In the 1970’s professors Bernard Mergen, Howard Gillette, Letitia Woods Brown, and Frederick Gutheim brought with them interests in African-American studies, urban and social history, as well as popular and material culture and added courses which helped grow the program. In 1980, courses in folklore were expanded under the direction of John Vlach. The arrival of Marcus Cunliffe as University professor and the expansion of the program’s journal American Studies International added further stature, and in the coming years both the undergraduate and graduate programs were strengthened.

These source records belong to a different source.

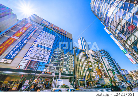 日本の東京都市景観 インバウンドに沸く渋谷。文化村通りからヤマダデンキや道玄坂二丁目東などを望む
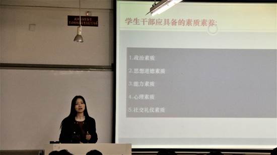 韩冬梅以“学生干部的素质素养”为主题,从学生干部的政治素质、思想道德素质、能力素质、心理素质、社交礼仪素质五个方面进行培训。韩冬梅首先肯定了学生干部的辛苦付出。其次,她强调学生干部要坚定政治立场,承担起相应责任,做到在其位,任其职,尽其责。最后,她希望学生干部提高抗压能力,掌握基本社交礼仪,发挥模范带头作用,展现学院良好风貌。
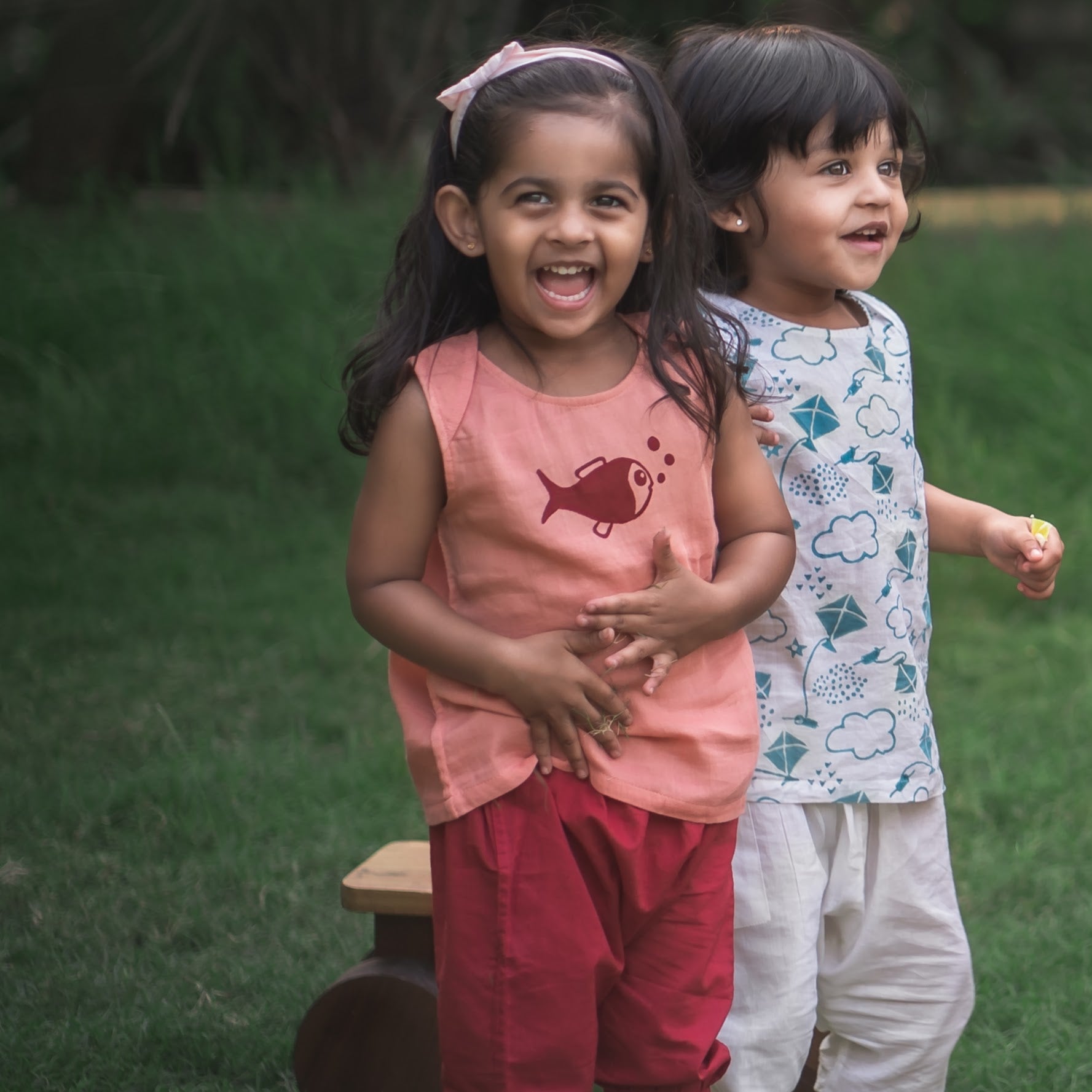 - 1 x jhabla top: 100% organic cotton sleeveless top with envelope neck for hassle-free wearing. Peach coloured with placemet printed fish in red.
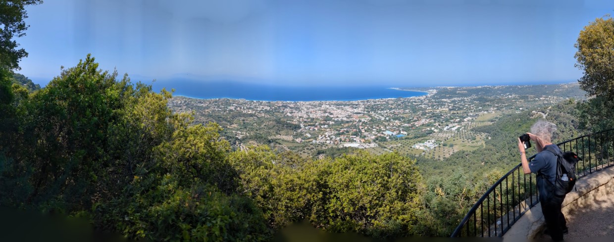 Heute ist die erste Rhodos Wanderung, die auf dem Programm steht. Nikos versprach uns, dass es eine ca. 3-stündige, etwas anspruchsvollere Wanderung werden soll. Um 8.30 Uhr versammelte sich die Gruppe am Hafen, wo unser Bus abfährt. Auf der Fahrt zum Startpunkt erzählte uns der Reiseleiter wie die Wanderstrecke aussieht und was er sich noch alles für uns ausgedacht hat. Der Weg verläuft zuerst bergauf, geht dann in einen Ziegenpfad über und kommt dann an der Kalopetra Monastery vorbei. Wenn der Mönch anwesend sei, könnten wir das kleine Kloster besichtigen. Danach wollen wir über das Tal der Schmetterlinge absteigen und am Ende wartet dann der Bus auf uns, der uns zu einer Weinprobe und kleinem Mittagsessen bringen wird. Danach steht noch ein Besuch in der antiken Stadt Ialyssos an. Wow, klingt nach einem vollen Tag.
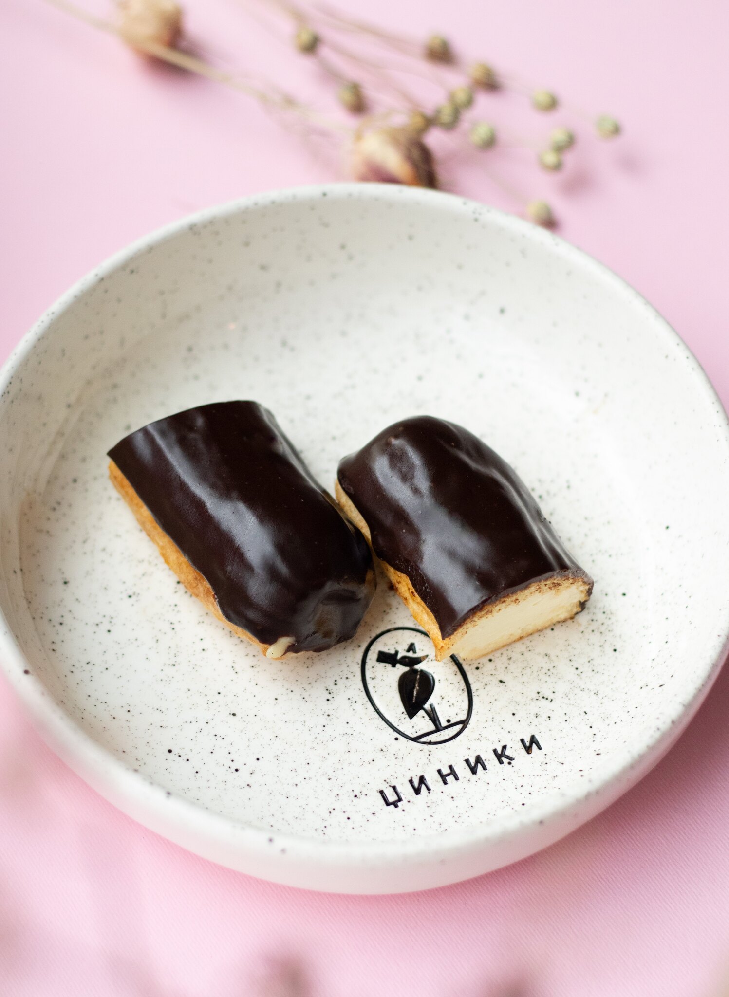 Корпуса эклеров готовим из нутовой и рисовой муки, тапиоки, сиропа топинамбура, рисового молока.
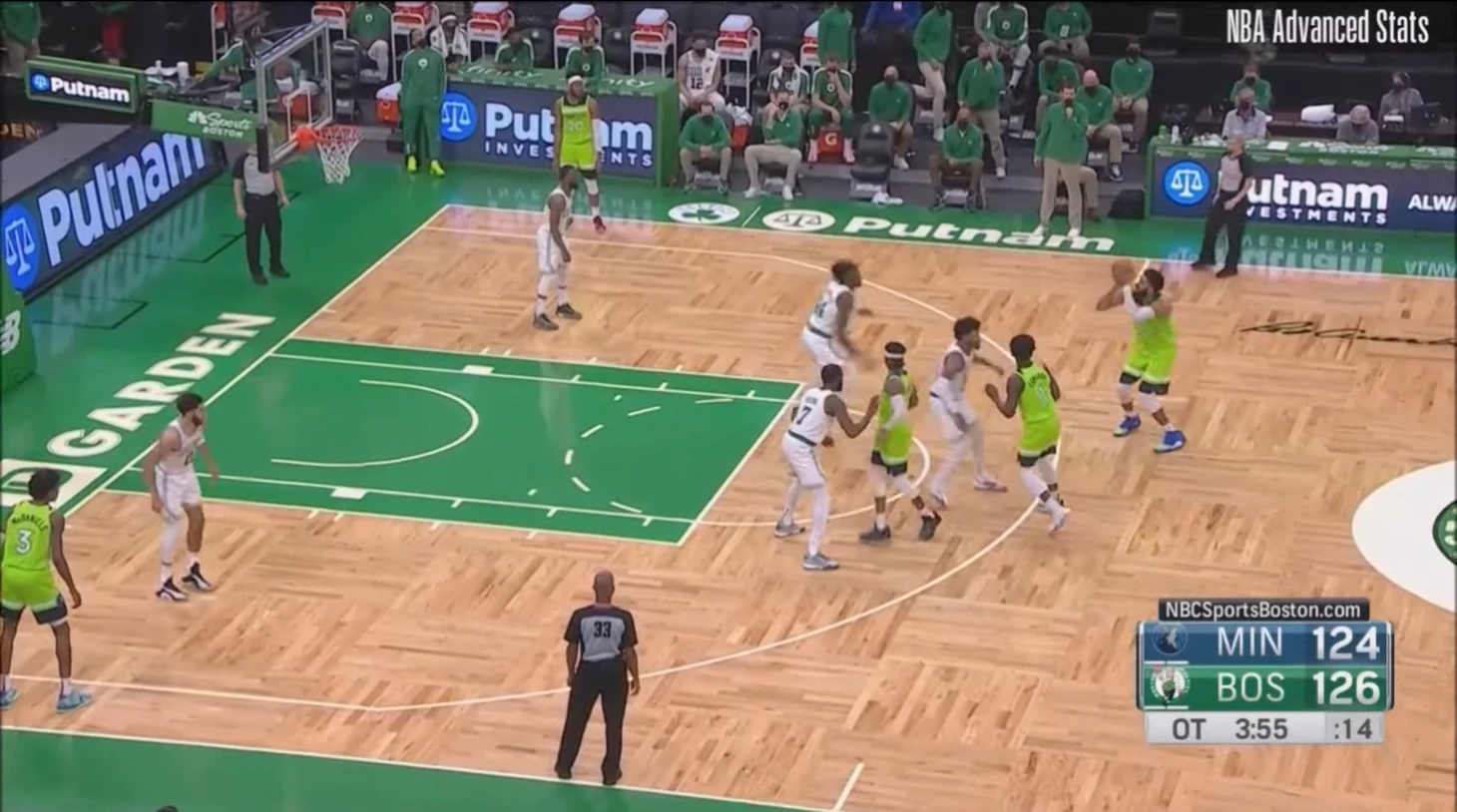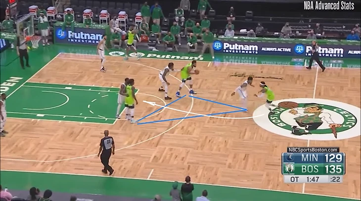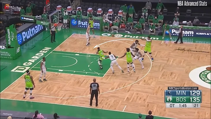 Во втором примере мяч изначально получает Эдвардс, а Расселл ставит заслон Таунсу, которого выводят на открытую трешку.

The Department currently offers three degrees: B.A., M.A., and Ph.D. The faculty and students who make up the American Studies Department combine interests drawn from a variety of perspectives and methods of inquiry: history, folklife, cultural studies, literary analysis, as well as the study of art, architecture, and visual culture. However, most faculty and students find their intellectual pursuits intersecting at some point around questions of public culture and/or public history. Students at all levels develop individualized, interdisciplinary programs of study in consultation with faculty advisors.

Since 1975, George Washington University has offered a unique interdisciplinary Master's program in historic preservation through its departments of American Studies and History. The program affords a strong intellectual perspective on critical issues in the preservation and a sound practical training for the field.

The Department used to publish the journal American Studies International.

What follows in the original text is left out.